Lisandro de la Torre (1868-1939)
Lisandro de la Torre se eliminó de este mundo en 1939. Aunque escribió bastante, no fue escritor sino político. Sin embargo, puede entrar en la literatura como orador, ya que él lo era en altísimo grado -tal vez el primero de su tiempo- y la oratoria es uno de los géneros literarios. Cuando propuse al ministro Rothe los nombres de quienes, a mi juicio, debían formar la futura Academia, incluí a de la Torre, como representante de la oratoria. Y no recuerdo quien dijo: la mejor literatura es la que se hace en el país actualmente son los discursos de Lisandro de la Torre. No era, por cierto, un orador artista, como Roldán, sino un hombre que dice con claridad, exactitud y corrección lo que quiere decir.
Dos días antes de suicidarse, lo encontré frente a una de las ventanillas de la administración del Jockey Club. Ibamos a pagar nuestra cuota trimestral de socios. El había llegado por la calle Tucumán y salió por allí mismo, de modo que no entró en el Club. Como, indudablemente, ya tenía resuelto desaparecer, piénsese en un gesto de honradez: no quería morir sin pagar lo que debía, aunque se tratase de unos pocos pesos y de una institución poderosa como el Jockey. Este es el hombre a quien, no muchos años antes, sus enemigos acusaron de procedimientos incorrectos en asuntos de dinero...

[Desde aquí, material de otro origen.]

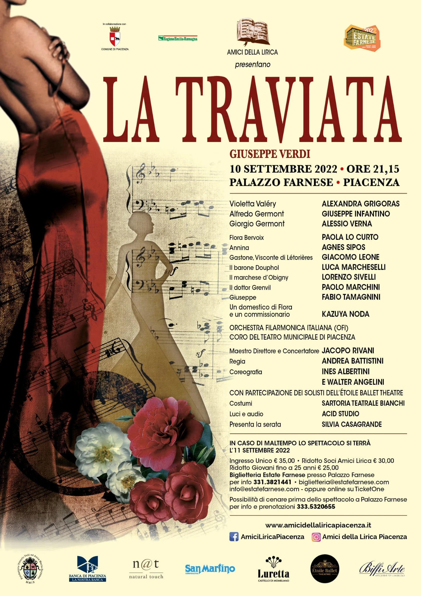 Il soprano Alexandra Grigoras sarà Violetta, il tenore Giuseppe Infantino vestirà i panni di Alfredo ed il baritono Alessio Verna interpreterà Germont, Flora sarà Paola Lo Curto e…ancora il coro del Teatro Municipale, l’OFI – Orchestra Filarmonica Italiana composta da cinquanta orchestrali diretta dal maestro Jacopo Rivani e con la partecipazione dei solisti dell’Etòile Ballet Theatre. Che altro? Verrebbe da dire.

En esos días en que se mató estaba imprimiéndose el libro sobre Yrigoyen. Le dije que pronto saldría y que allí hablaba de él muy bien. Yo, que había observado ya alguna melancolía en sus ojos, vi como se ahondaba esa melancolía. El gran hombre puso su mirada en quien sabe que mundos lejanos, mientras sonreía con la más triste de las sonrisas. Dos días después, al saber su muerte, pensé que esa sonrisa triste podía significar: "¡Lástima que yo no pueda leer lo que usted dirá!" Y se despidió, dándome la mano con afectuosidad y sin que la tristeza se borrara de sus ojos.
¿Se suicidó este hombre por motivos políticos? No es posible creerlo. Más bien pienso que lo mató su propia amargura. Se imaginaba un fracasado, y sin motivo porque considerábasele como uno de los grandes argentinos de su tiempo. A de la Torre le faltó un hogar, como también le faltaron consuelos espirituales: era absolutamente incrédulo y hasta sospecho que ateo. Se había formado en el positivismo, y procedía del Rosario, en donde el ambiente había sido, a fines del siglo pasado y a principios del presente, harto materialista.
Lo imagino a de la Torre como un hombre que, acaso en toda su vida, no sintió a su lado la verdadera ternura. Se le creía rabiosos, "envenenado". Estoy seguro que si hubiese conocido a Dios se habría salvado.
De "Entre la Novela y la Historia" de Manuel Gálvez; Librería Hachette, Buenos Aires, 1962.